La Comisión Federal de Comunicaciones (FCC) de EE. UU. ha autorizado una expansión crítica para la infraestructura de Starlink, consolidando la posición de SpaceX en la carrera por la conectividad global de banda ancha y los servicios directos a móvil.

Expansión estratégica de la órbita baja
En una decisión regulatoria emitida este viernes 9 de enero de 2026, la FCC aprobó el despliegue de 7.500 satélites Starlink de segunda generación (Gen2) adicionales. Esta autorización permite a la compañía de Elon Musk operar un total de 15.000 unidades de esta serie, habilitando capacidades avanzadas como la conectividad “direct-to-cell” y velocidades de hasta 1 Gbps, vitales para competir en el mercado de telecomunicaciones móviles y satelitales.

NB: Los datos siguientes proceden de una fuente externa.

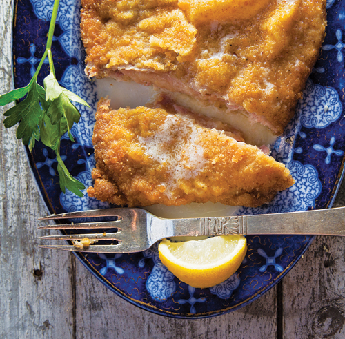 Season cutlets with salt and pepper. Place ham and cheese on one cutlet, leaving a ½" border along edge; place other cutlet on top; set aside. Place flour, egg, and bread crumbs in three separate shallow bowls. Dredge stuffed cutlet in flour, and coat in egg, then bread crumbs. Heat oil and butter in a 12" skillet over medium heat. Fry, flipping once, until golden brown and crisp, about 16 minutes. Serve with lemon wedges.
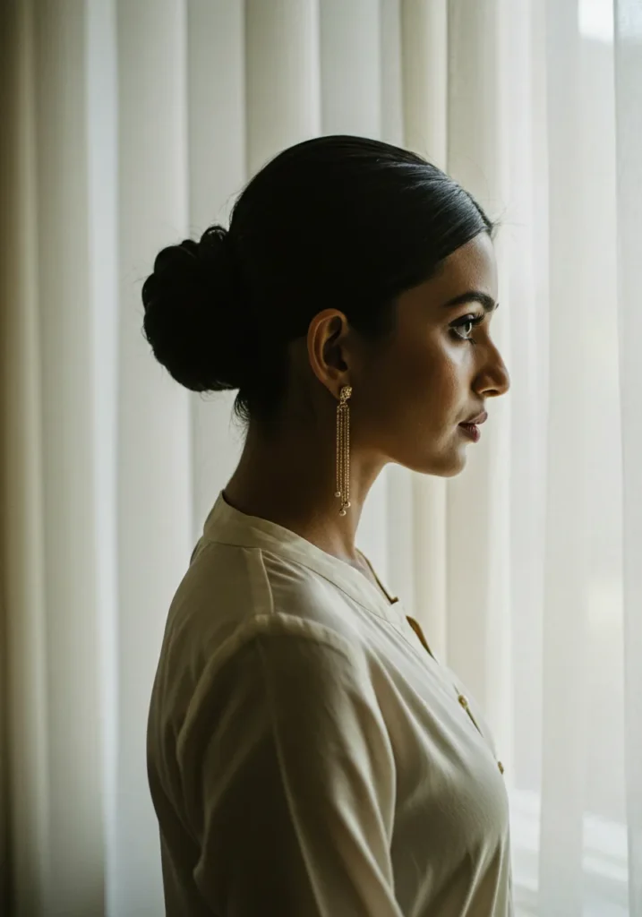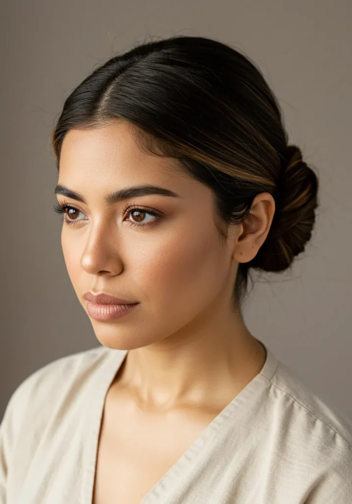 I love this bun because it’s the definition of quiet elegance. It’s one of those styles that instantly gives off calm confidence and pairs beautifully with everything from cozy knits to formal blouses.

Brendan Carr, presidente de la FCC, calificó la medida como un catalizador para la próxima generación de servicios de internet, destacando el impacto en la competencia y la cobertura universal.
"Esta autorización de la FCC es un cambio de juego para habilitar servicios de próxima generación. Al autorizar 15.000 satélites nuevos y avanzados, la FCC ha dado a SpaceX luz verde para ofrecer capacidades de banda ancha por satélite sin precedentes, fortalecer la competencia y ayudar a garantizar que ninguna comunidad se quede atrás".

Plazos y condiciones regulatorias
La aprobación no es un cheque en blanco; impone hitos operativos estrictos para gestionar el uso del espectro y la seguridad orbital.
La FCC exige que SpaceX lance y opere el 50% de estos nuevos satélites antes del 1 de diciembre de 2028, completando el despliegue restante para fines de 2031. Además, se permite la operación en cinco bandas de frecuencia (Ku, Ka, V, E y W), optimizando la capacidad de la red frente a la creciente demanda de datos.